EXERCISE OBJECTIVE: Pictures aside, quote the whole listing exactly.

DATASET EXTRACT:
§ §

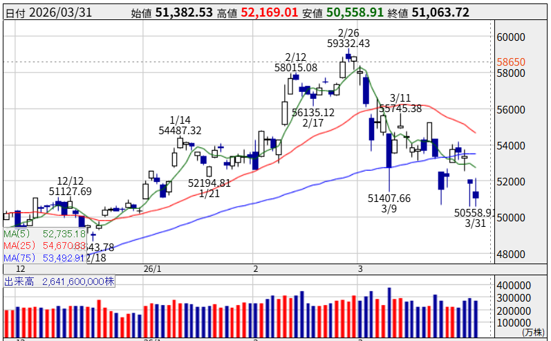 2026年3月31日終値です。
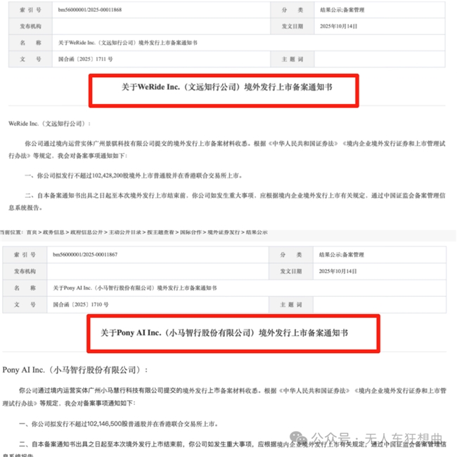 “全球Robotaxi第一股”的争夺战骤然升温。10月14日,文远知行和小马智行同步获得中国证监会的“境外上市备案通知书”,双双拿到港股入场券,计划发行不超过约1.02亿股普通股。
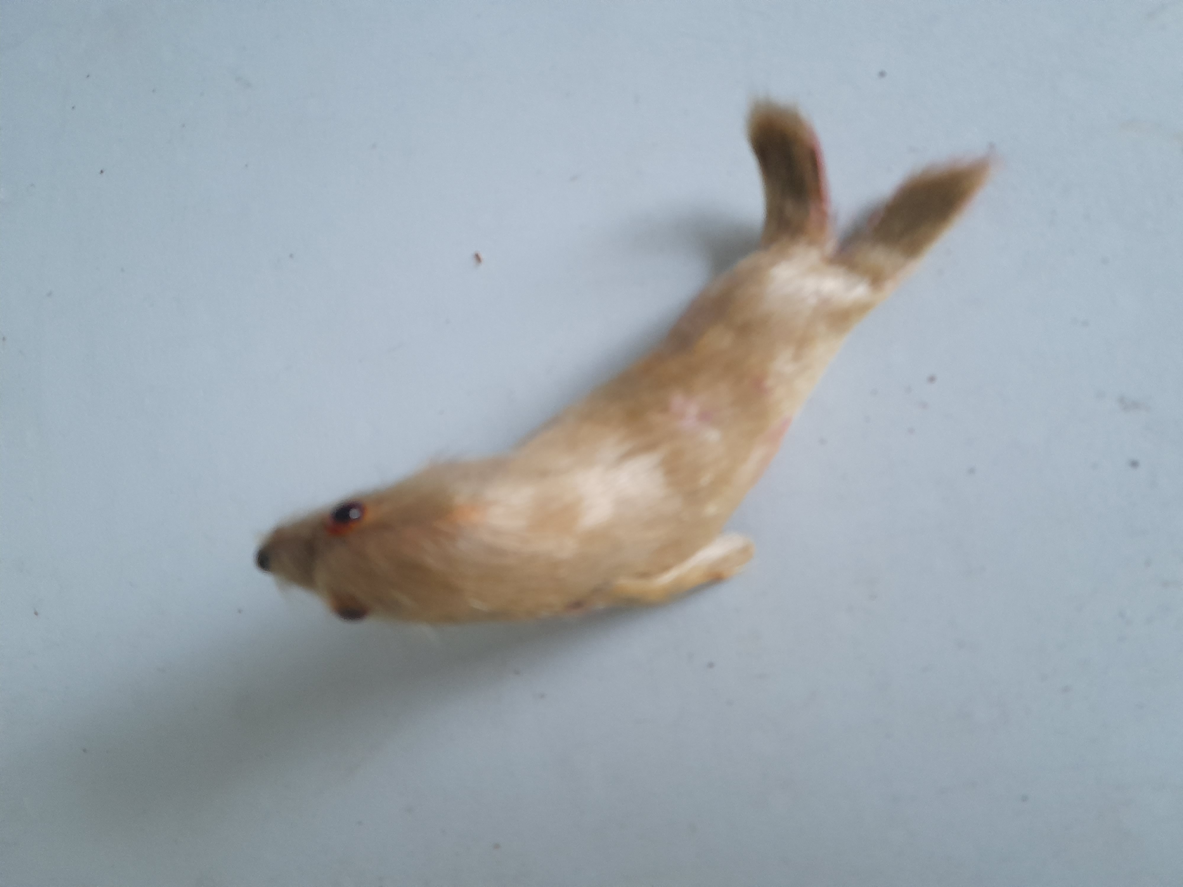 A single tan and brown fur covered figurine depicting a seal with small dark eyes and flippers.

§ §

SOLUTION FOR THIS PROBLEM:
 2026年3月31日終値です。
 “全球Robotaxi第一股”的争夺战骤然升温。10月14日,文远知行和小马智行同步获得中国证监会的“境外上市备案通知书”,双双拿到港股入场券,计划发行不超过约1.02亿股普通股。
 A single tan and brown fur covered figurine depicting a seal with small dark eyes and flippers.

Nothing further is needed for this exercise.